CompSci question: Does endianness ever still matter?

I’ve always been a bit flabbergasted by endianness and wonder about it from time to time (exciting life, I know). Is it ever still an issue that regular IT people or hobbyists (meaning people aside from chip manufacturers) have to deal with? Like so many other little technical details, it just seems like one of those things that would’ve made everyone’s lives easier if one or the other won out early enough – doesn’t really matter which one.

Was there a holy war over this back in the day? Do people still care now?

Yes. Most modern chips (Intel, ARM) are little-endian, but by popular convention, transmission formats (most notably TCP/IP) usually specify big-endian as part of their protocol definition. Only relatively low-level programmers (interpreting a stream of bytes as numbers, for example) will care: for most devs, the APIs you’re using to communicate (or store) cross-platform data will take care of reordering for you when necessary, and it’ll all just “look right” to you at the end.

Yep, endianness matters. A lot of the time the details are hidden from you, and most hardware these days is little-endian. But if you’re working with ARM processors, or doing network stacks, you still end up with big-endian stuff that you have to handle correctly.

ARM is actually an odd case, the chips are bi-endian (they can be configured to use either endianness.) In my experience, they’re usually used little-endian, these days, but not always.

And to answer the OP’s other question: Yes, IIRC, there were holy wars.

Very few software developers have to worry about it. I’m a software engineer and I don’t recall it ever being an issue. At this point it’s like worrying if the hard drive is spinning at the right speed: somebody has to make sure it does but I certainly don’t.

Yeah, it mostly comes up in the context of writing your own binary file format or network protocol. I work in embedded development, so I deal with it somewhat frequently. If you’re doing stuff like web development or enterprise administration software, then you can probably go for years without ever having to deal with it directly.

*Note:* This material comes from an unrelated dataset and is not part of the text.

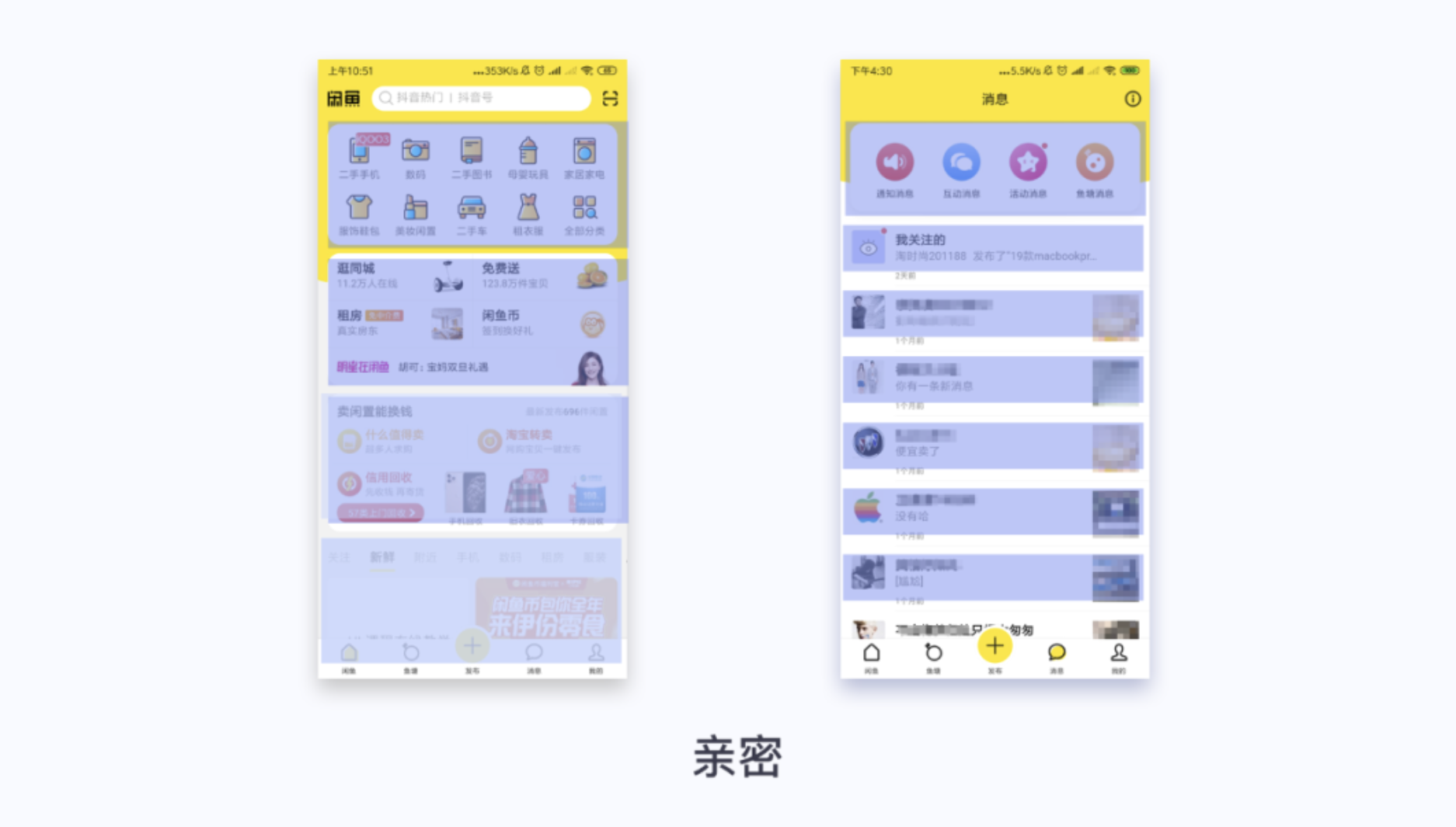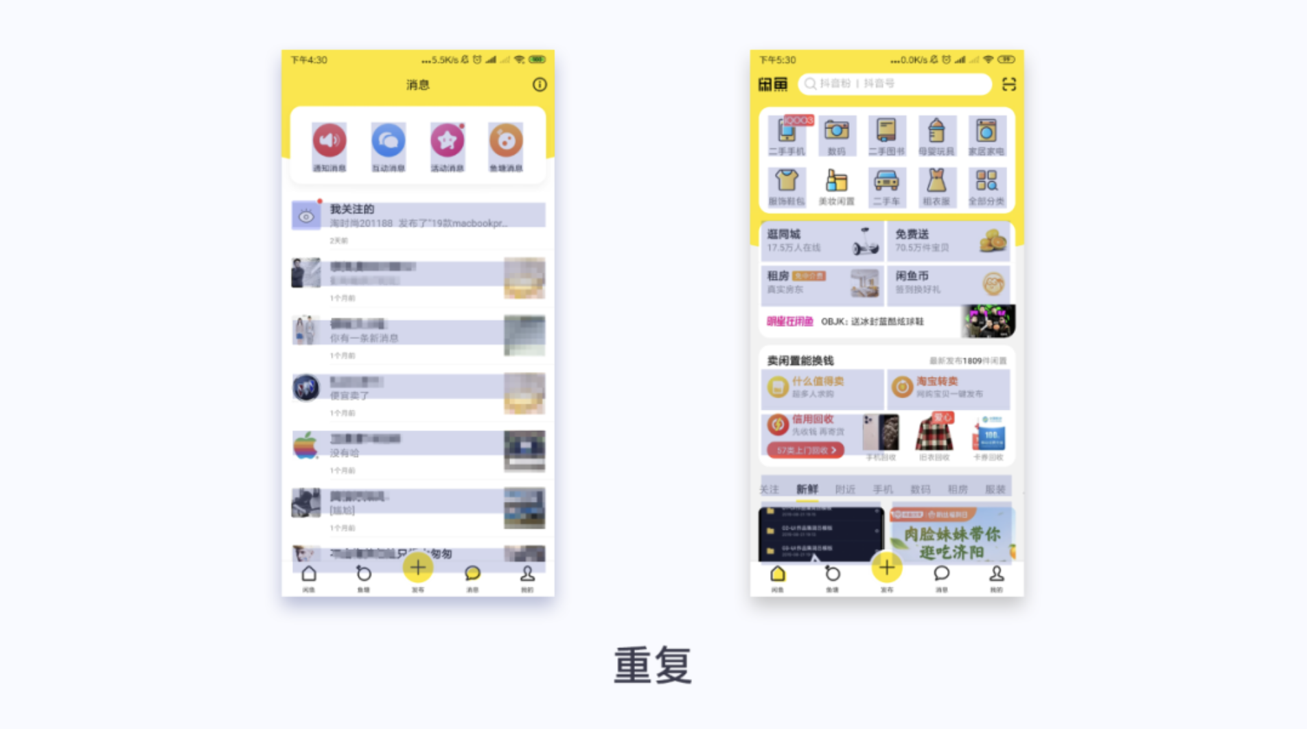 閑魚(yú)消息頁(yè)面,頭部功能區(qū)域圓形圖標(biāo)重復(fù),字體重復(fù)。消息列表頭像、名稱(chēng)、消息、圖片重復(fù),保持一致性,和統(tǒng)一。
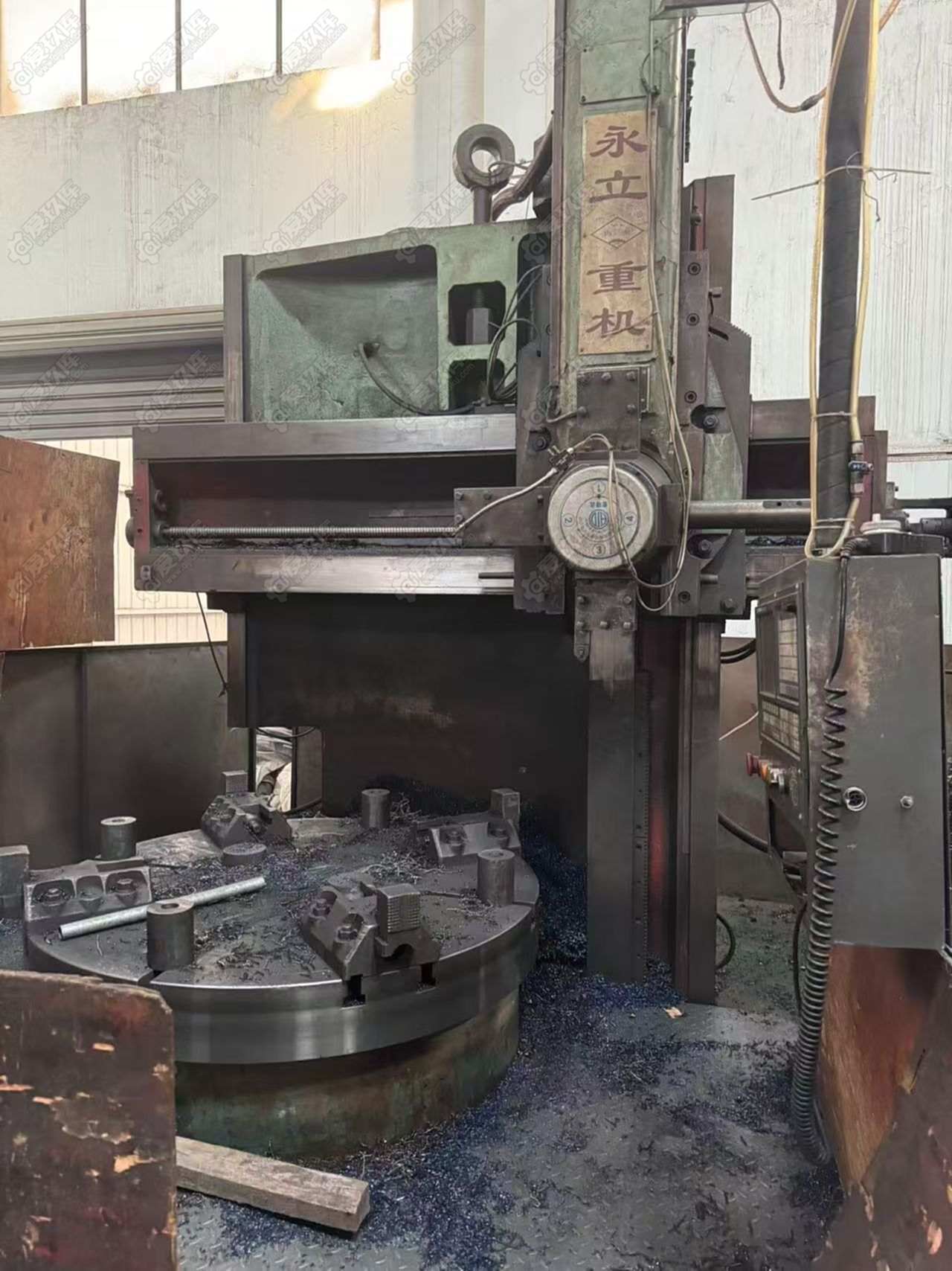 青岛永立2米数控立车(加工高度1.2米,广数980TDC系统,回转直径2米,卡盘:1.45米,带4工位电动刀架),需要的联系

Still, it’s one of those things which most programmers probably will encounter at least a few times in their career, and then if they’re not aware that it’s an issue, the results can be messy. E.g. I once had to deal with an in-house developed image file format, and it turned out that the guy who designed the format never made an explicit decision about endianness, so each file just had the endianness of the machine it had been created on and there wasn’t any field in the header indicating which it was. So you had to go over all the numeric values in the file and make a statistic guess about which endianness led to a more plausible interpretation…

I haven’t had to deal with endianess since…well, it’s been a few days. But not many.
Then again, I’m one of those low level programmers that actually deals with chip to chip communication, as well as process to processor communication.

I deal with streaming protocols for stock market data from dozens of various sources. Some send the data in text. Some in binary. For those that send it in binary, which-endian definitely matters.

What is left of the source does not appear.